Salesianità

S. Francesco di Sales ha accompagnato nella “vita devota” i laici del suo tempo; anche allora era difficile il dialogo con l’eresia e con l’incomprensione dell’amore di Dio verso tutti i suoi figli. La nostra salesianità passa nel cuore di don Bosco e percorre le vie della nostra secolarità consacrata.

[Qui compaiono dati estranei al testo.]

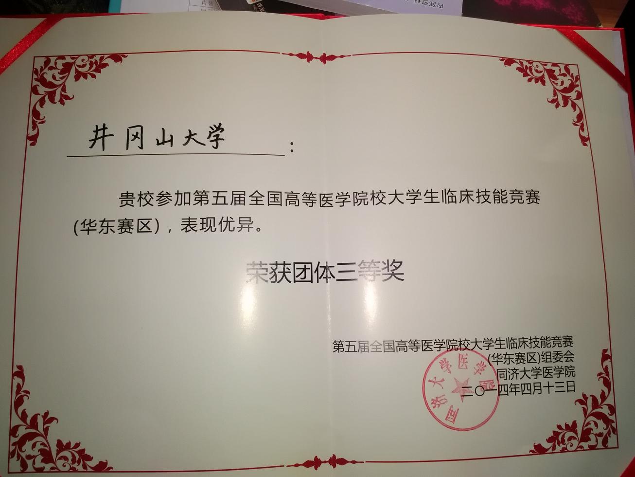 4月12日,第五届全国高等医学院校大学生临床技能竞赛(华东赛区)在同济大学开赛,33所医学院校36支代表队的144名学生参加比赛。经过激烈的角逐,井冈山大学代表队荣获第五届全国高等医学院校大学生临床技能竞赛(华东赛区)三等奖,展示了选手们过硬的临床技能水平和良好的综合素质。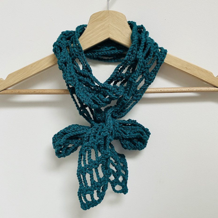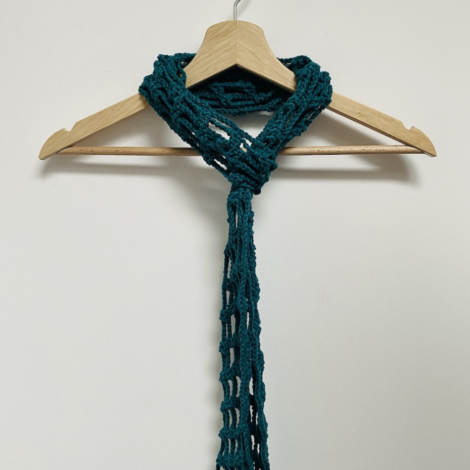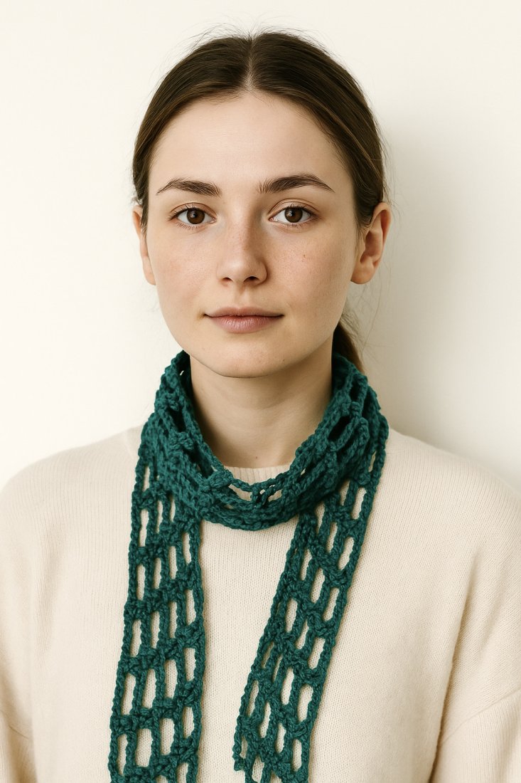 Ażurowy, siatkowy wzór nadaje mu ciekawego charakteru, a odpowiednia długość pozwala na różne sposoby stylizacji – możesz owinąć go wokół szyi, nosić jak naszyjnik, opaskę lub delikatny akcent do letnich i jesiennych stylizacji.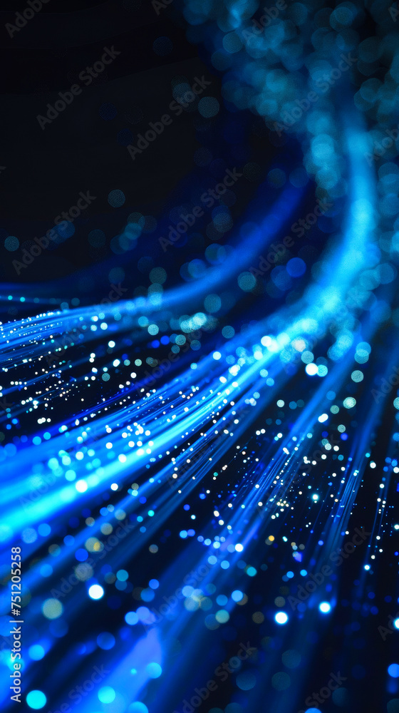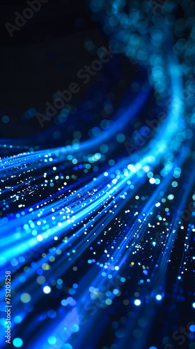 The watermark will not be included on Poster.: Abstract blue data flow light streak over a black background - communication technology and data traf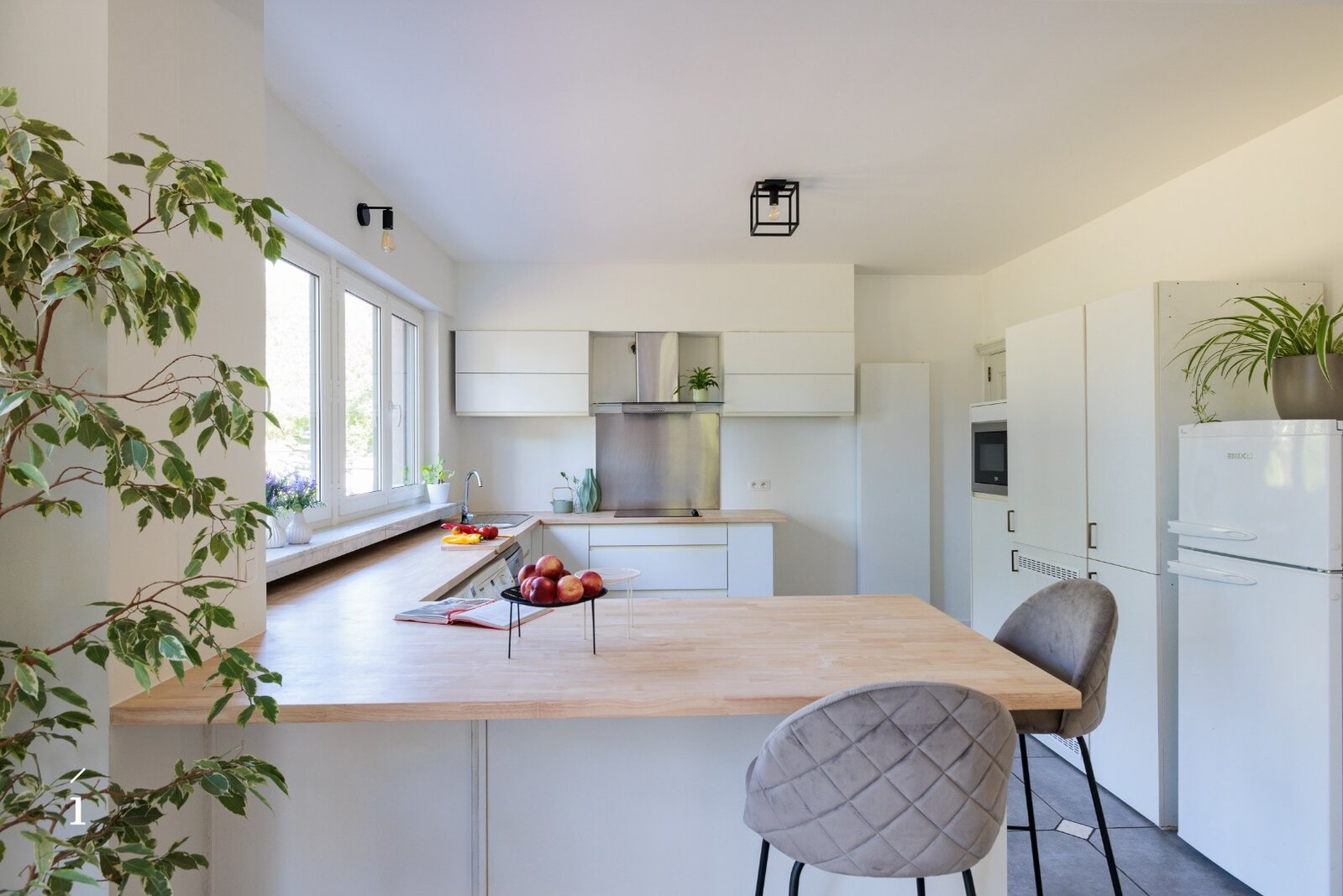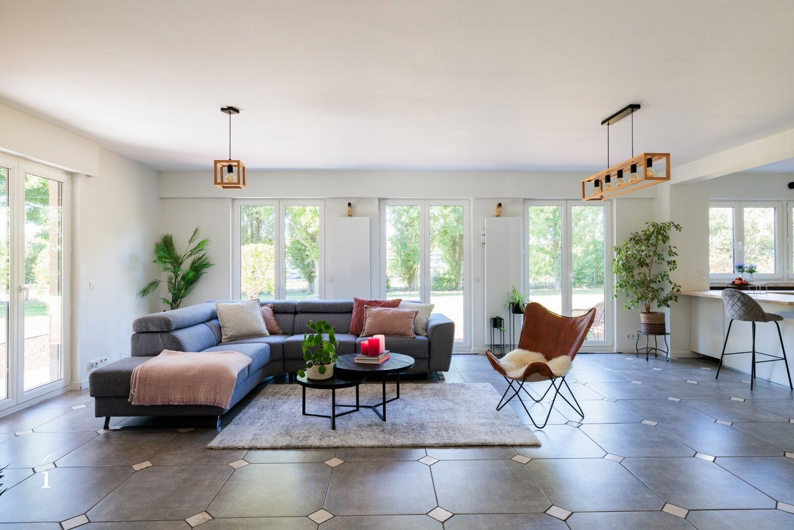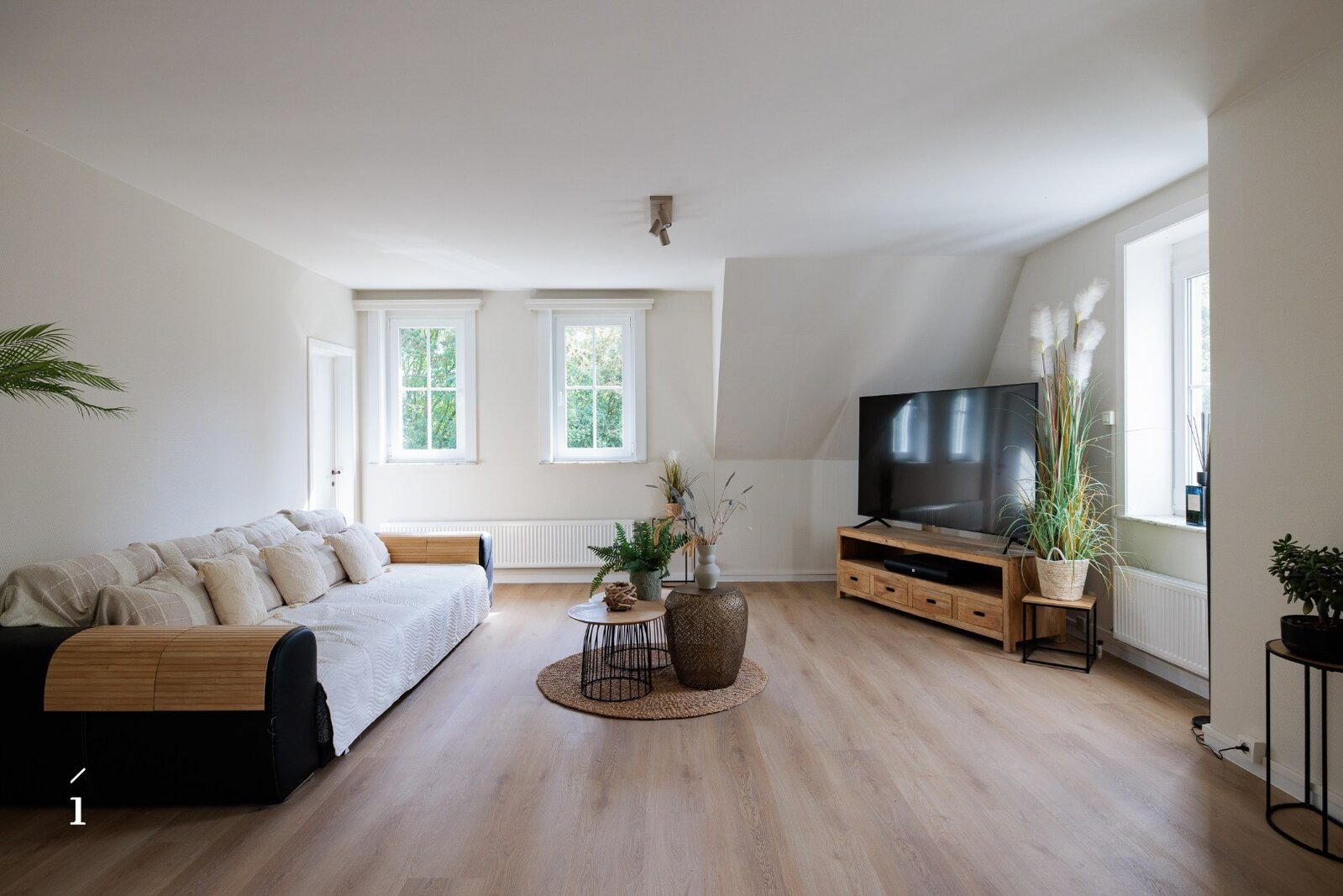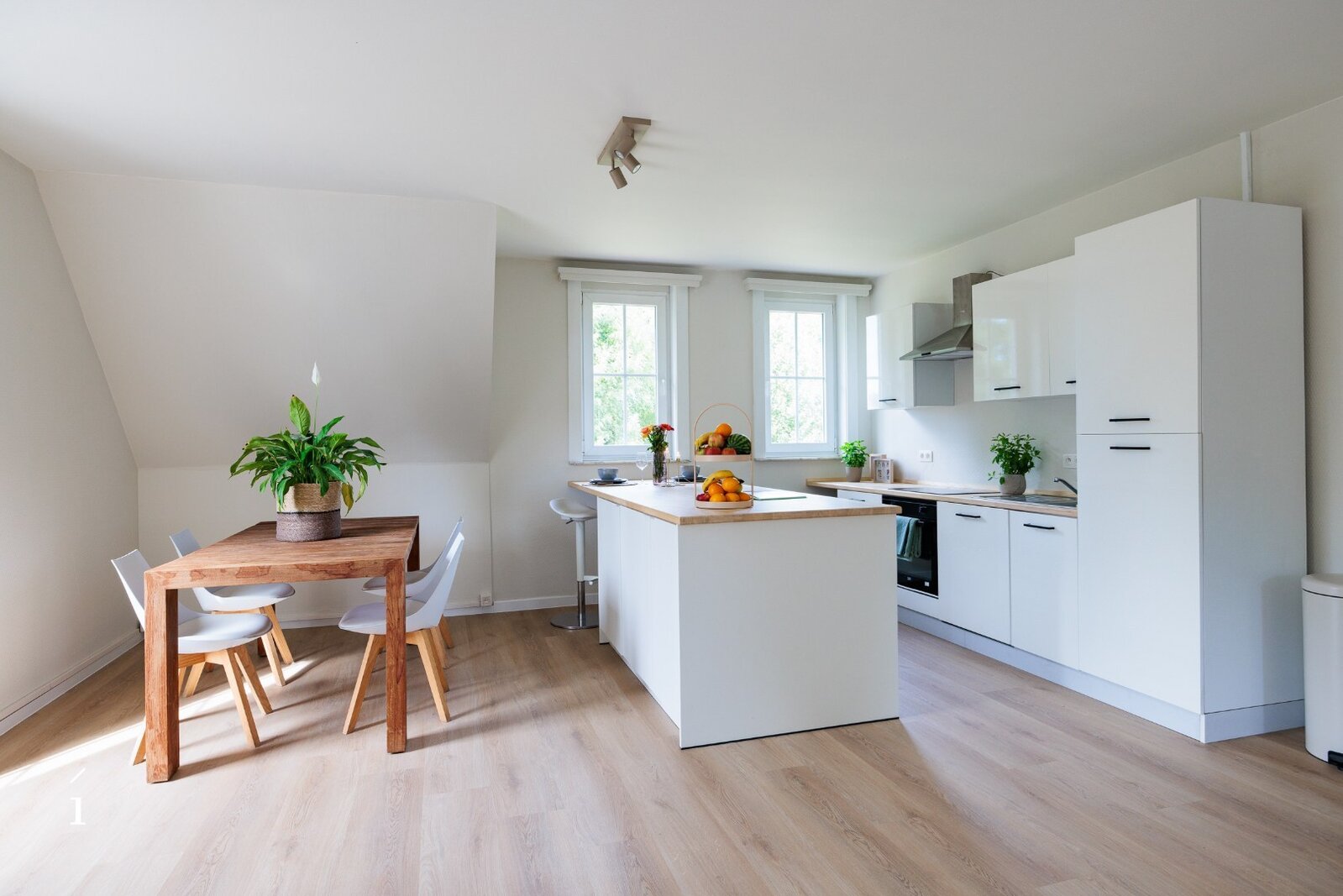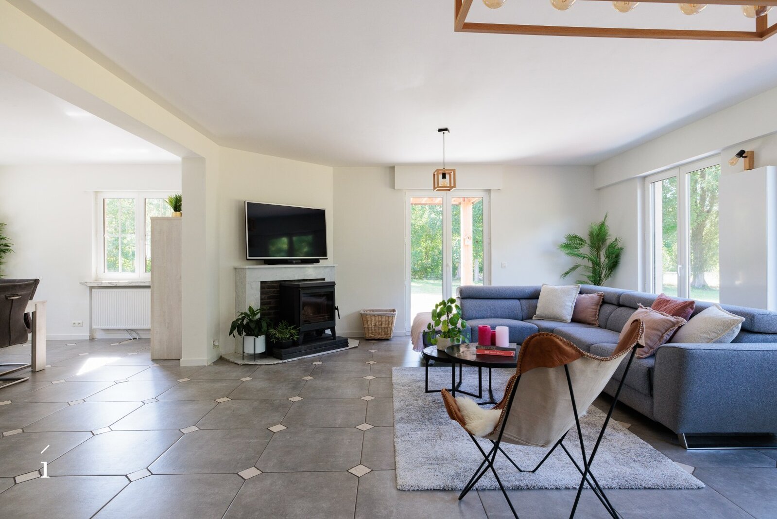 Via de ruime inkomhal, met gastentoilet, komt u binnen in deze open leefruimte. dankzij de indeling vloeien woonkamer, zithoek en keuken naadloos in elkaar over, wat zorgt voor een ruimtelijk en verbonden gevoel. Grote raampartijen langs drie zijden – oost, zuid en west – laten de hele dag door het natuurlijke licht binnenstromen en bieden een prachtig zicht op het omliggende groen.

Noi, Volontarie, infatti, nate e cresciute nella Famiglia Salesiana, viviamo lo spirito di don Bosco, nella prassi secolare che ci è propria; in modo particolare:

– nello stile di vita e di lavoro: luogo centrale della nostra missione/apostolato in cui agiamo con ottimismo sano e costruttivo, nell’operosità, nella semplicità e nella creatività;

– nelle modalità e nei tempi di preghiera: ricerca semplice e profonda di Dio nella vita e nell’incontro personale con Lui;

– nella temperanza, intesa come vita equilibrata, lontana dagli eccessi e dagli estremi, ma come impegno di vita ben radicata nel reale e puntata sull’utopia cristiana, disponibile a “farsi carico” di situazioni eccezionali e rischiose (siamo pronte a “scomodarci” per gli altri!);

– nella particolare attenzione per i giovani, soprattutto i più poveri e abbandonati;

– nell’ impronta mariana della nostra presenza femminile, nel mondo:

* nelle diverse situazioni in cui dobbiamo esserci… dove, a volte, non possiamo cambiare nulla; dire di sì a Dio, come Maria sotto la croce, attraverso i limiti delle situazioni ed i nostri limiti personali;



* dove ci impegniamo ad accogliere e suscitare domande segrete,

* aspirazioni profonde… a far emergere e a dare spazio a virtù naturali che tutti possono trovare in se stessi: riflessione, misericordia, compassione, tenerezza, come Maria a Nazareth.

– infine, nello spirito di famiglia tra noi e con i membri della Famiglia Salesiana.